行ったことあるのかというツッコミはご遠慮願いたい。



藤谷さんが言うカナトというのは、キツネではなく俺のこと。

つまり俺のことが好きということ。


両思いになれたんだ。


気持ちが通じ合えるという事がこんなに嬉しいことだなんて、今まで知らなかった。

彼女はこんな情けない俺でも受け入れてくれた。

俺が彼女を受け入れる事を許してくれた。

恋が成就する喜びを全身で感じた。



「ね、もう一回、言って?」


「え?」


「さっきの告白のことば。今度は真剣に聞くから!」



藤谷さんからのお願いに俺は焦った。

両想いだと分かったとはいえ、直接本人に言うのはやはり恥ずかしい。

しかも二回目。

さっきの緊張をもう一度味わうなど耐えられるはずがない。



「ええと、それはちょっと」



藤谷さんは目を細めて、俺を睨み付けた。

少し頬を膨らませている。

そんな顔も美しい。



「待って待って、そんな怒らないで。じゃあ、言います。奈菜さん、好きです。俺と付き合ってください」



藤谷さんは俺の言葉を聞いてすぐに笑顔に戻った。

怒り顔からの笑顔。

表情の緩急が俺の心をくすぐった。

どうしてこんなに愛おしいのだろう。



「わたしも、可那人君のことが好きです。
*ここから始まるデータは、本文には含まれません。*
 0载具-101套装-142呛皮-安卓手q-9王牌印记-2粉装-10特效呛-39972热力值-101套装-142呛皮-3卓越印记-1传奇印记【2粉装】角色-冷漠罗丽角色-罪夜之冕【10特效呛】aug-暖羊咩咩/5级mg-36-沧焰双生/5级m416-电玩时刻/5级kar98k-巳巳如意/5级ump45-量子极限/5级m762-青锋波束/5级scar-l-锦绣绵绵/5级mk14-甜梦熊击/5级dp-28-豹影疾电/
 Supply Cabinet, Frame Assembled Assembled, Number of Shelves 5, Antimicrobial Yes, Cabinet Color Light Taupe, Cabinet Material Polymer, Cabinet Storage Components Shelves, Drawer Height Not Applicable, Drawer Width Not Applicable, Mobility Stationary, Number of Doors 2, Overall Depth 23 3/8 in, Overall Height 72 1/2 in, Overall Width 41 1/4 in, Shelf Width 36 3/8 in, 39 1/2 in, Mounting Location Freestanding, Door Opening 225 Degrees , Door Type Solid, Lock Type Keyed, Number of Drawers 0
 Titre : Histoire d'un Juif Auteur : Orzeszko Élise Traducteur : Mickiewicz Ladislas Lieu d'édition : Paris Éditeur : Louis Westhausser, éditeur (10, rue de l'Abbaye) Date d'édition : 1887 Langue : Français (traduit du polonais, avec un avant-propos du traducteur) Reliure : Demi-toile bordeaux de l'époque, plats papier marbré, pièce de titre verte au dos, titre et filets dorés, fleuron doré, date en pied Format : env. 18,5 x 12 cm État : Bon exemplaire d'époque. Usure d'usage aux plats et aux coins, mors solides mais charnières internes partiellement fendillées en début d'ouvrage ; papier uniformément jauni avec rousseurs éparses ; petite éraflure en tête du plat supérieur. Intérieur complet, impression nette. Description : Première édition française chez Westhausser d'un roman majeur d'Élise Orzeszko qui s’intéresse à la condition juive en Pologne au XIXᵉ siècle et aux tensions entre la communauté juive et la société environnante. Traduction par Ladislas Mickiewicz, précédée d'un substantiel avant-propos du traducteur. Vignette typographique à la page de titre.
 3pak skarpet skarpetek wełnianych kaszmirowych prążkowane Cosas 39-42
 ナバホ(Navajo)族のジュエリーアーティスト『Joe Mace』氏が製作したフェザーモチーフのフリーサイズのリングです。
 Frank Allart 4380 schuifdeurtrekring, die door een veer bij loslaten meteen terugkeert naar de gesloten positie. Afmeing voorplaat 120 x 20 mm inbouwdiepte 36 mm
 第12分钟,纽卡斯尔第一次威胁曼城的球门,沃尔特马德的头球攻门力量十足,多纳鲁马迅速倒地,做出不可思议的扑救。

ずっと一緒にいてください! 」



ずっと彼女から欲しかった言葉を、ついに藤谷さんが言ってくれた。

彼女と出会えてよかった。

勇気を出してよかった。

そんな感慨深さが込み上げてきた。

いやこれで終わりじゃない。

ここからが始まりなんだ。

藤谷さんからこんな笑顔を引き出せるのなら、俺は何回だって勇気を出すつもりだ。



俺は急に恥ずかしくなって顔を伏せてしまった。

藤谷さんはそんな俺に近づいて、俺の顔を見上げて、俺の左頬に触れた。



「可那人君のほっぺ、触ってみたかったの」



藤谷さんは恥ずかしそうに言った。

俺は彼女の手を頬から離し、握りしめた。



気付くと近くにキツネ達が寄ってきていた。

俺と藤谷さんを祝福しているかのようだった。

ギンギツネは背伸びをして俺の上着を齧っていた。

相当構って欲しいようだが、俺はもう藤谷さんしか眼中になかった。

ごめんよキツネ君達。

俺は罪な男だ。

だが今は藤谷さんと二人の時間に浸っていたいんだ。

そんな事を考えていたが、キツネ達は俺の上着のポケットから漂う餌の香りにつられてきていただけだと知るのは数分後のことだった。